> [WORK ITEM]: Word for word, copy the lines beginning at the one with "Qur’aan School End" and ending at the last line below; pictures stay out.

> [SUPPLIED INFORMATION]:
= Beginning of Section =

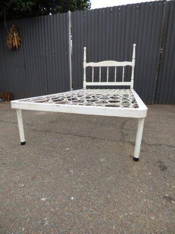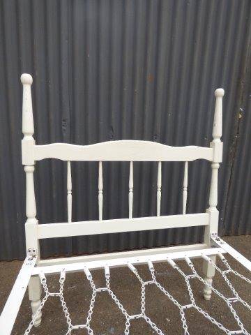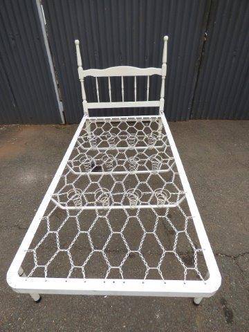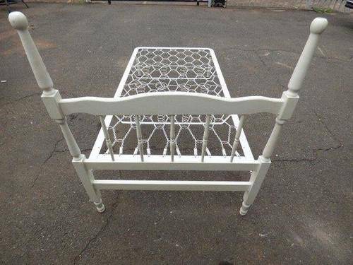 A GORGEOUS SINGLE BED, THIS BED WILL LOOK STUNNING IN A LITTLE GIRL'S ROOM OR IN A GUEST ROOM. THESE KIND OF BEDS ALSO MAKE STUNNING SOFAS ON YOUR PORCH OR PATIO, JUST ADD A MATTRESS, LARGE CUSHIONS AND STAND IT AGAINST A WALL. THE BED IS STURDY AND HAS A FEW BITS WHERE THE PAINT HAS CHIPPED. THIS LOVELY BED MEASURES APPROXIMATELY 93cm x 195cm x 111cm HIGH. BEAUTIFUL.
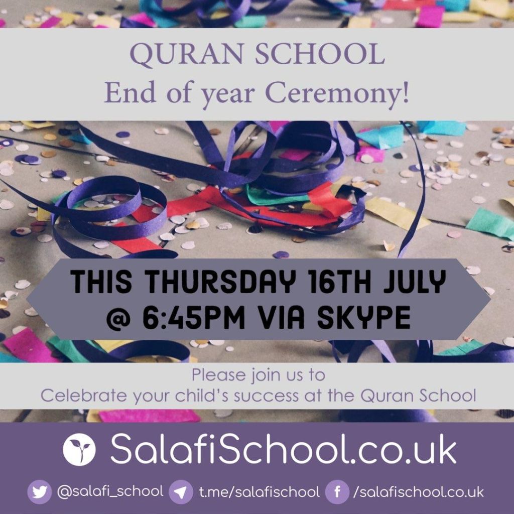 Qur’aan School End of Term and Ceremony on Thursday 16th July 2020!
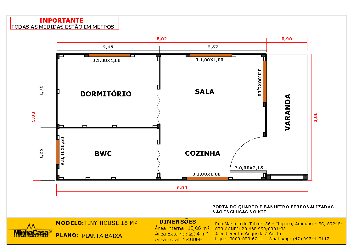 Seu KIT TINY HOUSE (18M²) inclui:

= End of Section =

> [COMPLETED EXERCISE]:
 Qur’aan School End of Term and Ceremony on Thursday 16th July 2020!
 Seu KIT TINY HOUSE (18M²) inclui:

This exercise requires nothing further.